In the period between the 1950s and the 1960s, BUC, with Julio Zarraluqui as chairman, consolidated itself both in at institutional and sports level. The club ended two times runner-up of 2 ª División Nacional and achieved a championship title in the same category. The tours to Catalonia by foreign clubs were consolidated, as well as the participation of the club in tours was higher than the tours of any other team at the time, playing all over Europe, including the Eastern European countries. In this period the senior team was created.
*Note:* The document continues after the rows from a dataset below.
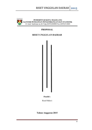 Proposal penelitian oleh Rizal Pahlevi bertujuan untuk mengevaluasi efektivitas program pelatihan kerja dalam mengurangi pengangguran di Kota Magelang. Penelitian ini direncanakan berlangsung selama 3 bulan dengan biaya sebesar Rp 15.000.000. Penelitian ini penting untuk meningkatkan pelaksanaan program pelatihan kerja agar lebih efektif dalam mengatasi masalah pengangguran.
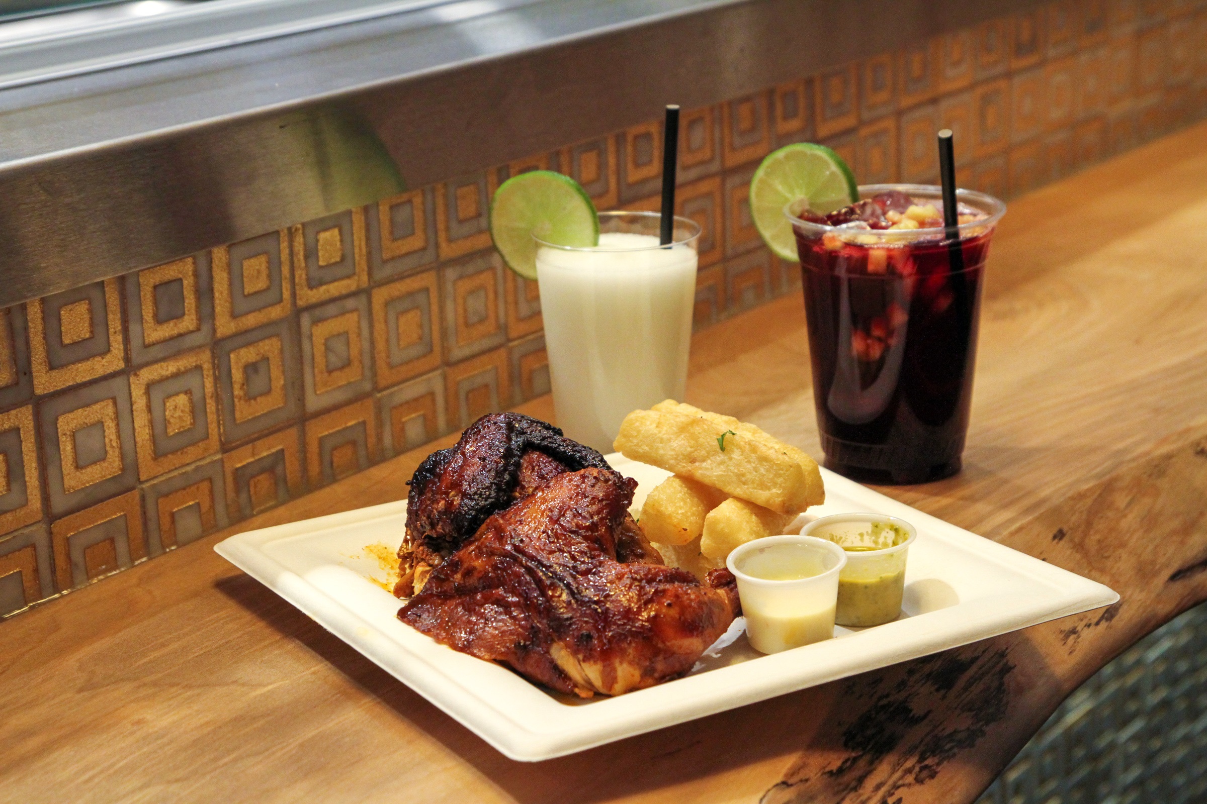 Fans of the food truck will find items they’re familiar with, like empanadas and pan con chicharrón, when the restaurant opens on February 1, along with new dishes. Most notably, they’ve added Peruvian rotisserie chicken, which customers often ask for at the food trucks. “My brother has done a tremendous job mimicking the same flavor that we had in Peru,” Giuseppe Lanzone says. There will also be yucca fries, sauteed veggies, quinoa salad, and—courtesy of their new liquor license—alcoholic beverages, including a slushy pisco sour.
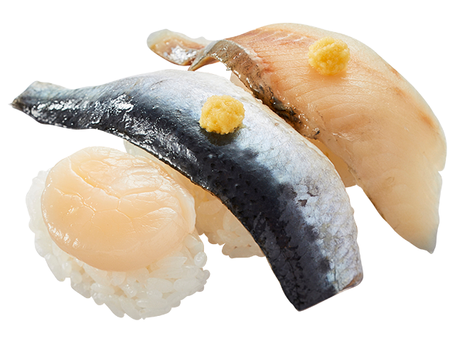 ほたて・北釧〆いわし・にしん、贅沢3貫を一皿でお楽しみください。
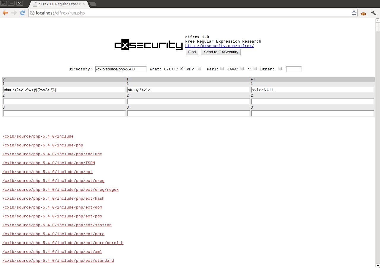 cIFrex is an security tool, which supports search for mistakes in the source code during static code analysis. Using the database of filters based on regular expressions, you can quickly locating the code, in which the probability of failure is high. To be able to use cIFrex search, you should have basic knowlage about regular expressions and static code review. This tool facilitates static code analysis during security audits or finding malicious code by using regular expressions. Some functions in the code may generate a risk, such as for PHP and disable_functions. Do you want to know if any of these features were used in your code?
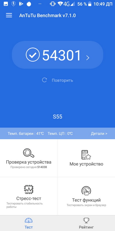 Замечу также, что при серьезных нагрузках у смартфона наблюдается нагрев в районе сканера отпечатка пальца, и это приятный бонус: если вы будете зимой сидеть в избушке без обогрева, достаточно запустить тест Antutu, сесть на смартфон задницей (он это спокойно переживет) и вы быстро согреетесь.
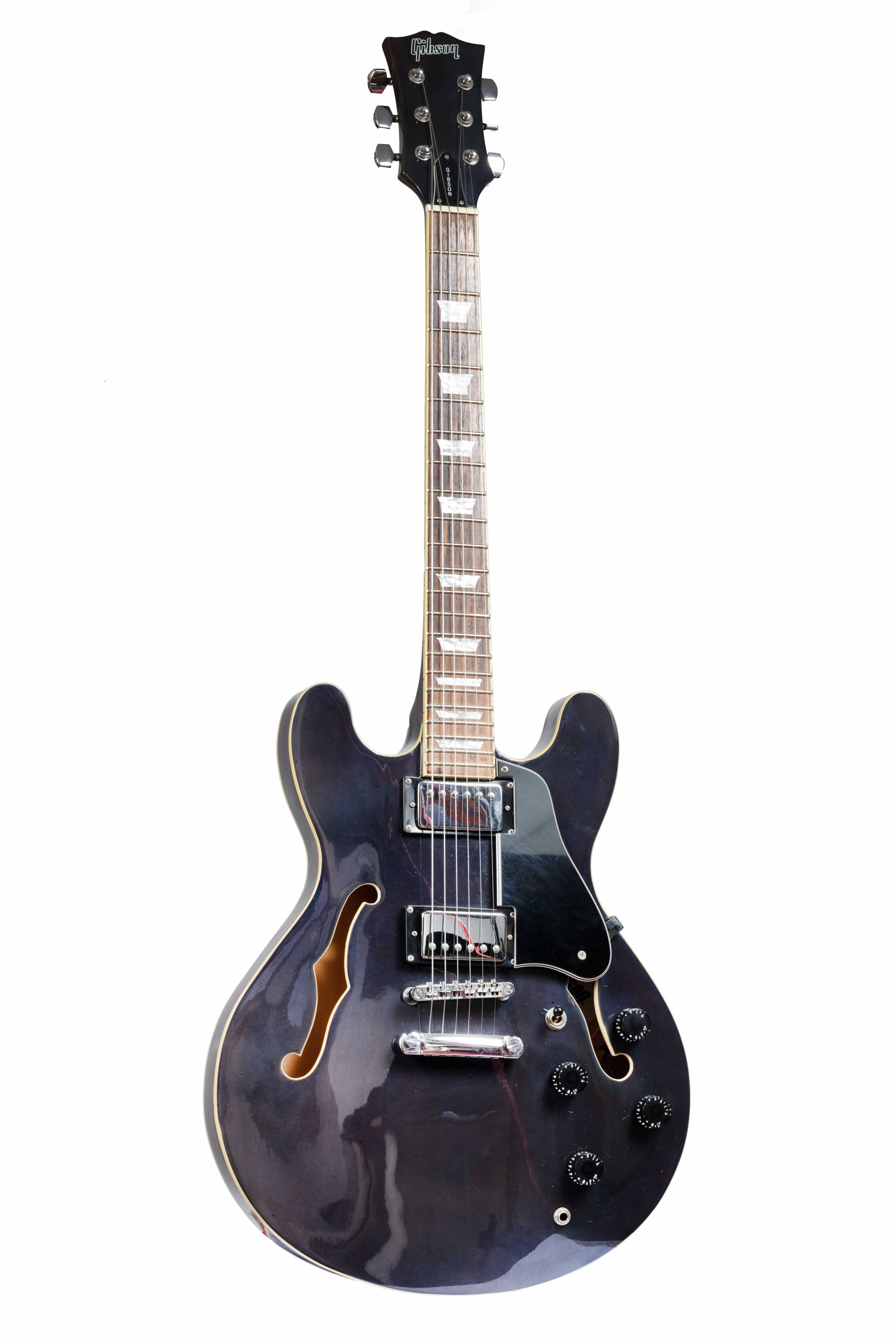 Imitation d'une GIBSON Chinoise (Type ES335). Couleur ardoise. Avec étui. L'ensemble à revoir.

In the late 1960s, a social location was inaugurated near the Port of Barcelona, whose function was to give the club a physical location. In 1971, a new stage in the club's life started, based on the grassroots work with the intention to create a roster which fed the senior teams in a near future, creating the youth team. In these years, after the death of Julio Zarraluqui, the chairman seat was passed to Kepa Uriarte.

===The Transition===
With the end of the Franco Regime, the club kept going forward and in 1979, two new sections were created: the women's team, which had a brief two-year period and the foundations for the future rugby school started to be laid. With the political changes consolidated in Spain, the club Catalanised its name, in order to return to its first name, Barcelona Universitari Club. With the promotion to División de Honor in the 1987 season, a new era of consolidation in the top category started, where the club managed to stay at the top division and became runner-up in Copa del Rey. The lesser level categories, nonetheless, managed to win several Catalan Championships and the women's section of the club was recreated.

===USAP-Barcelona===
In 2002, BUC signed a collaboration agreement with USA Perpignan. As a result of this agreement, the club took the name USAP-Barcelona and changed its uniform from the now traditional black strip to the yellow and red of the club from Perpignan. In these years, the definitive folding of the CN Montjuïc rugby section caused the arrival of several players with which the club took a new impulse. The section became the transition towards professionalism, achieving in 2005 a new promotion to División de Honor .

===Final years===
In 2007, the USAP-Barcelona project came to an end, also coinciding with the exit of many players, the club descended to the regional division. In this same year, with a group of very young players, BUC won the Catalan Championship without losing any match in the league, winning the promotion to Primera Nacional. However, BUC would not play in said category, as it achieved an administrative promotion and went back to División de Honor B, where it would play until the 2010-11 section.